On January 11, just a few months ago, while having fun with his best buddy, Ronan, we experienced a terrifying and unexpected incident where Declan became extremely disoriented, eventually turning pale and becoming unconscious. I quickly called 911 and during the time we waited for the ambulance, Matt and I noticed his lips turn purple, cold skin, and no response. Soon after the ambulance arrived, Declan started to wake up. We took him to the ER, where he got a full work-up, followed by a trip to his Cardiologist Monday morning. Matt and I were both convinced it was his heart valve that had to be the culprit. We were sure of it. After further testing, his Cardiologst came in with surprising news...it can’t be the valve, his disease hasn’t progressed enough to cause such a severe episode. Dr. Fedderly, his cardiologist, suggested Declan get a cardiac MRI to see if something else was going on with his heart. After the MRI a week later, we got a call from Dr. Fedderly with the results. Something in the MRI indicated there might be an issue with part of Declan’s left coronary artery. Next step was a 3-D echo and heart catheterization to look closer at his arteries. We went to Children’s on February 25th for the procedure. Going in we didn’t know what to expect...maybe there really wasn’t anything going on, I’m sure they’re just taking every precaution, right?

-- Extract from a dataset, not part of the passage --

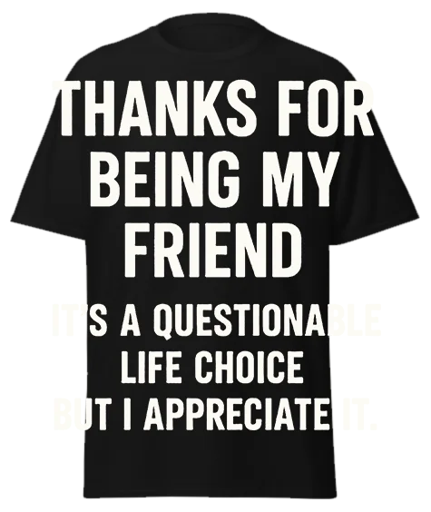 This is a black unisex t-shirt for people who know they’re a lot to handle and are grateful someone signed up for it anyway. Off-white text expressing appreciation while acknowledging that befriending you requires questionable judgment.

What the Cardiologist explained to us is that they believe they found Declan’s 3rd leaflet on his aortic valve. This is great news I thought. Until he explained that the leaflet was actually the possible reason that he had an occluded left coronary artery. With no blood flow going to his left coronary, Declan’s heart had developed “collateral” arteries to find a way to get blood to his heart. Basically, these “collaterals” have been keeping his heart pumping. It was explained that Declan would potentially need coronary artery bypass surgery, in addition to a valve replacement to fix the blood flow issue in his heart. We were told that this should be done in the near future to prevent the risk of a heart attack and possible damage to his heart muscle.
On March 5th, Declan underwent a CT angiogram, a final test before the surgeons would decide what he will need done. Today, we got final confirmation that Declan will have open heart surgery on Thursday, March 12th. It is not certain yet exactly what procedure will be necessary. We know he will be getting a valve replacement (called a Ross Procedure) where his healthy pulmonary valve is placed into the defective aortic valve, then the pulmonary is replaced by an animal valve. Bypass is still a consideration, depending on what his coronary artery looks like once he undergoes surgery.
Through all of this, we are amazed by Declan’s braveryHe has been through 3 sedated tests in the last 6 weeks and hasn’t lost his energetic spirit one bit. We are praying that this surgery will help him get back to doing all of the things a little boy loves to do. We are humbled and grateful for all of the prayers, support and love that we have received so far on Declan’s journey. We ask for you all to continue to pray as we go into next week’s surgery. We will continue to update as often as possible.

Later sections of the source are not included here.